- What to work on
A word-for-word copy of the data is what's wanted; pictures stay out of it.
* * * * * * *
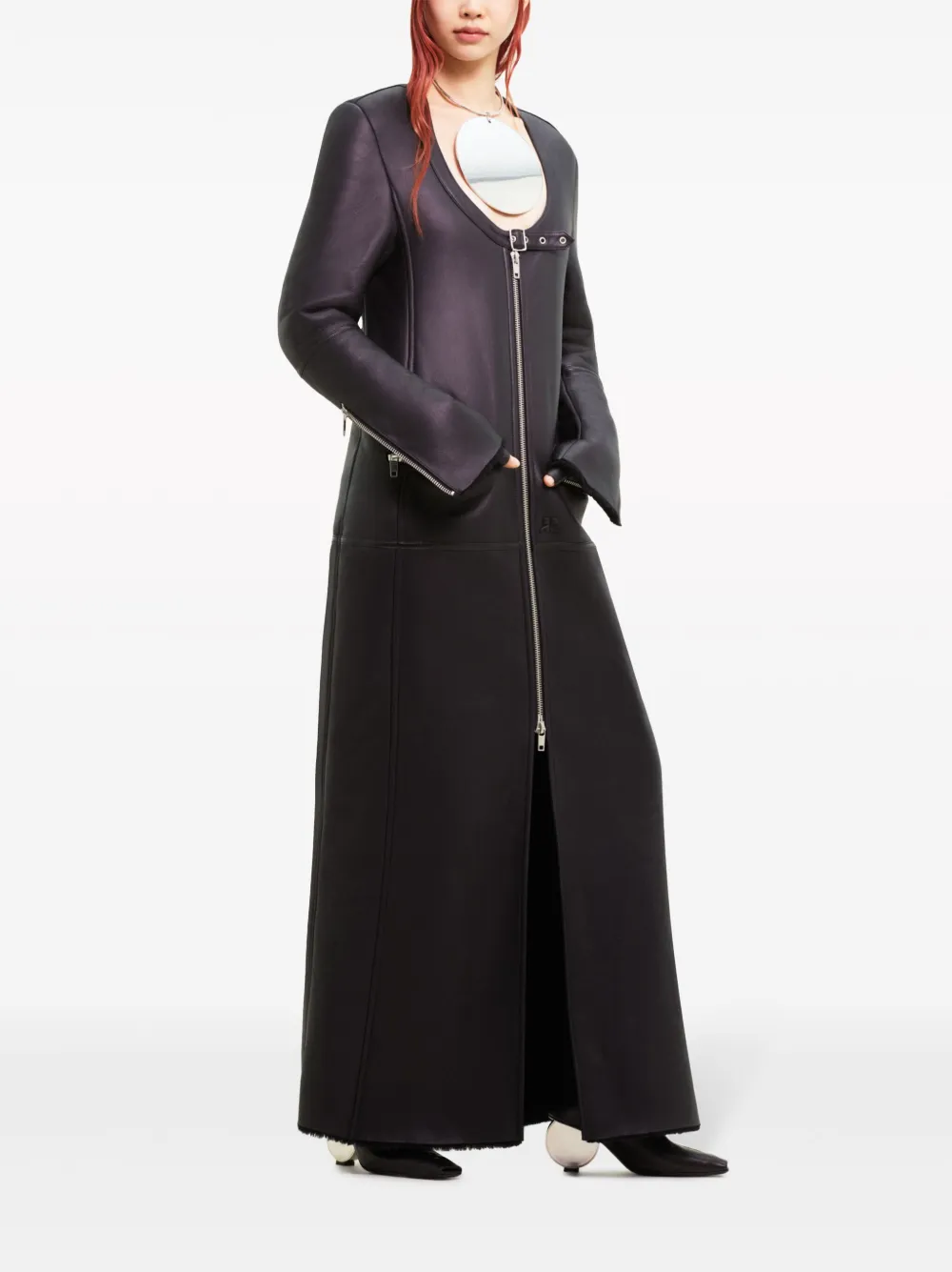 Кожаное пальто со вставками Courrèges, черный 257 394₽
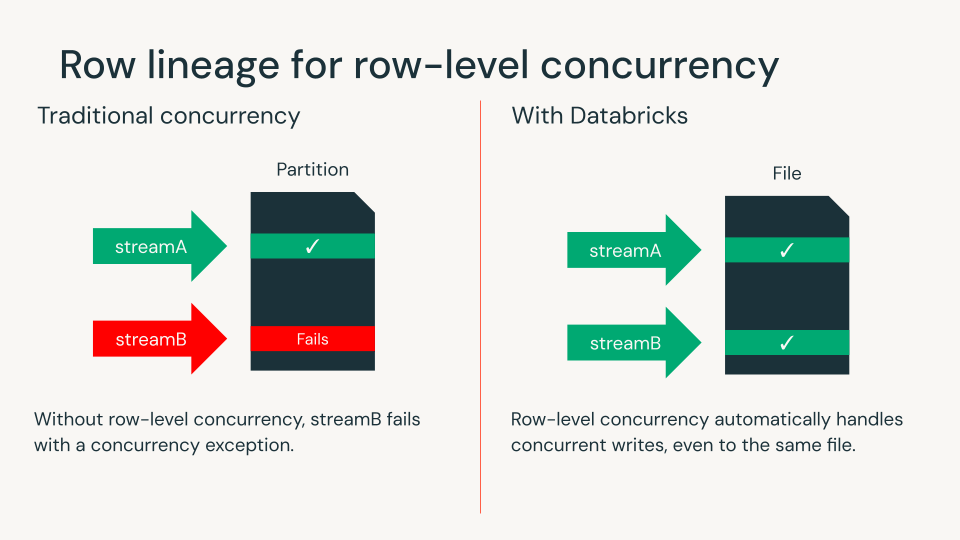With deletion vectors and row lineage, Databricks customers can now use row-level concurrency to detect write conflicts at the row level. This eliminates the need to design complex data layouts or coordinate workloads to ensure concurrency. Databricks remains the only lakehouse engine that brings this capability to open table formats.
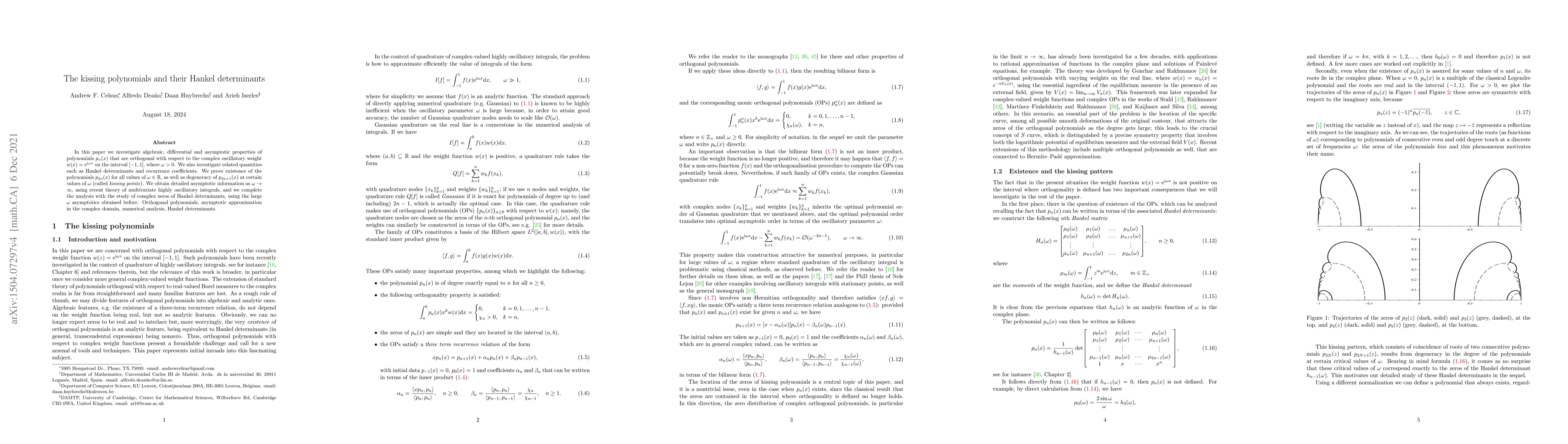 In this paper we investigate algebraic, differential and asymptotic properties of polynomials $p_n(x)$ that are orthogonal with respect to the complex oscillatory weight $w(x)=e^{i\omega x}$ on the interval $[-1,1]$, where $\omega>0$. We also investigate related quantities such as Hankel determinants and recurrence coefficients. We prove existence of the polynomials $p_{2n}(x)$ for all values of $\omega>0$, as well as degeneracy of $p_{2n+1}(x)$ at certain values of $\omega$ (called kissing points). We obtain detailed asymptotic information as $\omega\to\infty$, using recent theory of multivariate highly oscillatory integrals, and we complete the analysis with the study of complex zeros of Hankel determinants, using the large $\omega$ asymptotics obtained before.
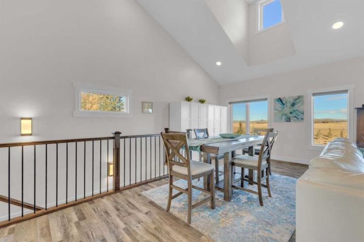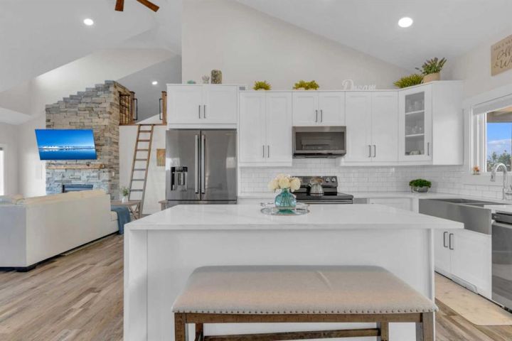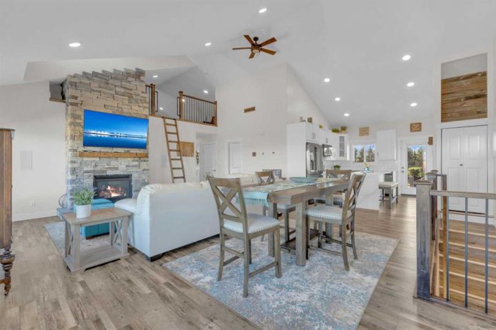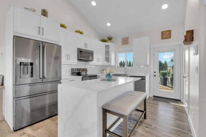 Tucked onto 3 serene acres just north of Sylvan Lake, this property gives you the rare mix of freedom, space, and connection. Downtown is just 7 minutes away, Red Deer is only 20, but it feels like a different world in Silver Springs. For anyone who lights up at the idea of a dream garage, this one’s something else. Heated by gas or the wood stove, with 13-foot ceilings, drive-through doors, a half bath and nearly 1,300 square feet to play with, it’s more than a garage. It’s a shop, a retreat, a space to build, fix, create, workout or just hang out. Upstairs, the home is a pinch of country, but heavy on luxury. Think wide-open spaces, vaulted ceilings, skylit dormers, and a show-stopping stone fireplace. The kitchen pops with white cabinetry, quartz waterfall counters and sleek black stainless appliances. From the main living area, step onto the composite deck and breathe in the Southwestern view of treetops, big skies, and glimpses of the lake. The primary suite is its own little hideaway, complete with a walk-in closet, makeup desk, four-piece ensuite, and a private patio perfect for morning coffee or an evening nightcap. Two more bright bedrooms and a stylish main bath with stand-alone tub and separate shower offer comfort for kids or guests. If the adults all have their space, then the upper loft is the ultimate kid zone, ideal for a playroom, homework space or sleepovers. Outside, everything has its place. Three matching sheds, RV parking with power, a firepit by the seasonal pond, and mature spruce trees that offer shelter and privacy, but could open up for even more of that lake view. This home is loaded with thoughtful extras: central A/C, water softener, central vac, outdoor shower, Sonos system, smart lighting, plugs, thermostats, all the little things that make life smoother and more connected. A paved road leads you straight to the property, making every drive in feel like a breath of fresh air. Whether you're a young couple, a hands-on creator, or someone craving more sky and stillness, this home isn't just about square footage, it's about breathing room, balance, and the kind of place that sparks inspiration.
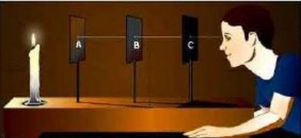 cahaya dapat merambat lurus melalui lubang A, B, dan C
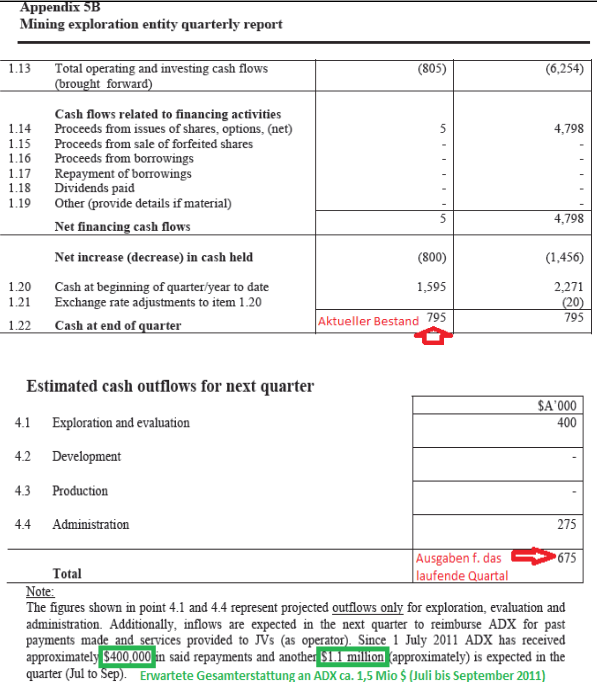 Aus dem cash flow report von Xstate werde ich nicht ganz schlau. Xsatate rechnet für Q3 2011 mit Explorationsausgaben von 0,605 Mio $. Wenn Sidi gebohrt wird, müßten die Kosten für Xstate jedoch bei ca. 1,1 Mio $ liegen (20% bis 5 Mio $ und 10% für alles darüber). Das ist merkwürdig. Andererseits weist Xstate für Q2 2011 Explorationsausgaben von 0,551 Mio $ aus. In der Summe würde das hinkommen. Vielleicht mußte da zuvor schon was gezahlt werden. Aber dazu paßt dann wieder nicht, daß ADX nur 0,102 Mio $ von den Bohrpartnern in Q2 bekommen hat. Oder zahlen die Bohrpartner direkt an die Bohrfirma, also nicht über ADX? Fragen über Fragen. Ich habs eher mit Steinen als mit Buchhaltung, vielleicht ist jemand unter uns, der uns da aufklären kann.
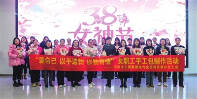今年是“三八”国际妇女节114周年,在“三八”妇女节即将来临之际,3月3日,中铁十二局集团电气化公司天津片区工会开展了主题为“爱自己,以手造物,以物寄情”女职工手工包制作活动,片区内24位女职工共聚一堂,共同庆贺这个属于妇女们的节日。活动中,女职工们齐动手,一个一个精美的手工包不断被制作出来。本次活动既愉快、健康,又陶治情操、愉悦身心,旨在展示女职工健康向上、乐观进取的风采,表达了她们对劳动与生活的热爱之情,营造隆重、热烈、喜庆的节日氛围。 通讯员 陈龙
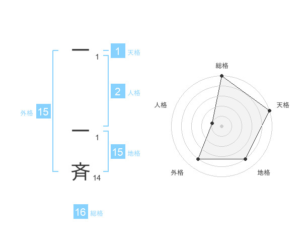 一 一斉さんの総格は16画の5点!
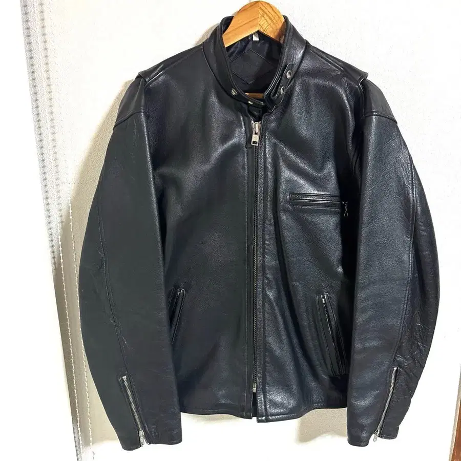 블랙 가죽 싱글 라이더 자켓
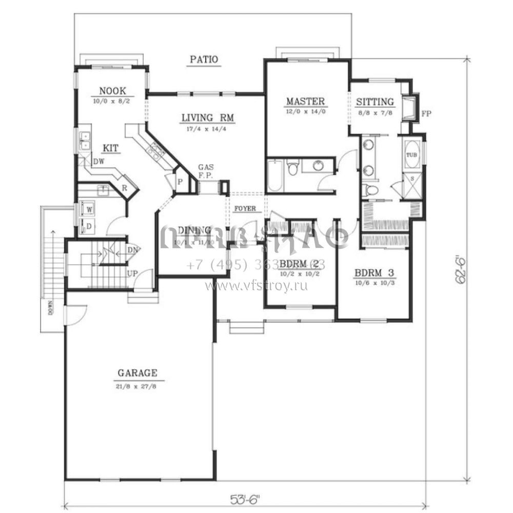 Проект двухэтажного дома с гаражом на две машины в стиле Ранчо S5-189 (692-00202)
* * * * * * *
- Worked solution
 Кожаное пальто со вставками Courrèges, черный 257 394₽
With deletion vectors and row lineage, Databricks customers can now use row-level concurrency to detect write conflicts at the row level. This eliminates the need to design complex data layouts or coordinate workloads to ensure concurrency. Databricks remains the only lakehouse engine that brings this capability to open table formats.
 In this paper we investigate algebraic, differential and asymptotic properties of polynomials $p_n(x)$ that are orthogonal with respect to the complex oscillatory weight $w(x)=e^{i\omega x}$ on the interval $[-1,1]$, where $\omega>0$. We also investigate related quantities such as Hankel determinants and recurrence coefficients. We prove existence of the polynomials $p_{2n}(x)$ for all values of $\omega>0$, as well as degeneracy of $p_{2n+1}(x)$ at certain values of $\omega$ (called kissing points). We obtain detailed asymptotic information as $\omega\to\infty$, using recent theory of multivariate highly oscillatory integrals, and we complete the analysis with the study of complex zeros of Hankel determinants, using the large $\omega$ asymptotics obtained before.
 Tucked onto 3 serene acres just north of Sylvan Lake, this property gives you the rare mix of freedom, space, and connection. Downtown is just 7 minutes away, Red Deer is only 20, but it feels like a different world in Silver Springs. For anyone who lights up at the idea of a dream garage, this one’s something else. Heated by gas or the wood stove, with 13-foot ceilings, drive-through doors, a half bath and nearly 1,300 square feet to play with, it’s more than a garage. It’s a shop, a retreat, a space to build, fix, create, workout or just hang out. Upstairs, the home is a pinch of country, but heavy on luxury. Think wide-open spaces, vaulted ceilings, skylit dormers, and a show-stopping stone fireplace. The kitchen pops with white cabinetry, quartz waterfall counters and sleek black stainless appliances. From the main living area, step onto the composite deck and breathe in the Southwestern view of treetops, big skies, and glimpses of the lake. The primary suite is its own little hideaway, complete with a walk-in closet, makeup desk, four-piece ensuite, and a private patio perfect for morning coffee or an evening nightcap. Two more bright bedrooms and a stylish main bath with stand-alone tub and separate shower offer comfort for kids or guests. If the adults all have their space, then the upper loft is the ultimate kid zone, ideal for a playroom, homework space or sleepovers. Outside, everything has its place. Three matching sheds, RV parking with power, a firepit by the seasonal pond, and mature spruce trees that offer shelter and privacy, but could open up for even more of that lake view. This home is loaded with thoughtful extras: central A/C, water softener, central vac, outdoor shower, Sonos system, smart lighting, plugs, thermostats, all the little things that make life smoother and more connected. A paved road leads you straight to the property, making every drive in feel like a breath of fresh air. Whether you're a young couple, a hands-on creator, or someone craving more sky and stillness, this home isn't just about square footage, it's about breathing room, balance, and the kind of place that sparks inspiration.
 cahaya dapat merambat lurus melalui lubang A, B, dan C
 Aus dem cash flow report von Xstate werde ich nicht ganz schlau. Xsatate rechnet für Q3 2011 mit Explorationsausgaben von 0,605 Mio $. Wenn Sidi gebohrt wird, müßten die Kosten für Xstate jedoch bei ca. 1,1 Mio $ liegen (20% bis 5 Mio $ und 10% für alles darüber). Das ist merkwürdig. Andererseits weist Xstate für Q2 2011 Explorationsausgaben von 0,551 Mio $ aus. In der Summe würde das hinkommen. Vielleicht mußte da zuvor schon was gezahlt werden. Aber dazu paßt dann wieder nicht, daß ADX nur 0,102 Mio $ von den Bohrpartnern in Q2 bekommen hat. Oder zahlen die Bohrpartner direkt an die Bohrfirma, also nicht über ADX? Fragen über Fragen. Ich habs eher mit Steinen als mit Buchhaltung, vielleicht ist jemand unter uns, der uns da aufklären kann.
今年是“三八”国际妇女节114周年,在“三八”妇女节即将来临之际,3月3日,中铁十二局集团电气化公司天津片区工会开展了主题为“爱自己,以手造物,以物寄情”女职工手工包制作活动,片区内24位女职工共聚一堂,共同庆贺这个属于妇女们的节日。活动中,女职工们齐动手,一个一个精美的手工包不断被制作出来。本次活动既愉快、健康,又陶治情操、愉悦身心,旨在展示女职工健康向上、乐观进取的风采,表达了她们对劳动与生活的热爱之情,营造隆重、热烈、喜庆的节日氛围。 通讯员 陈龙
 一 一斉さんの総格は16画の5点!
 블랙 가죽 싱글 라이더 자켓
 Проект двухэтажного дома с гаражом на две машины в стиле Ранчо S5-189 (692-00202)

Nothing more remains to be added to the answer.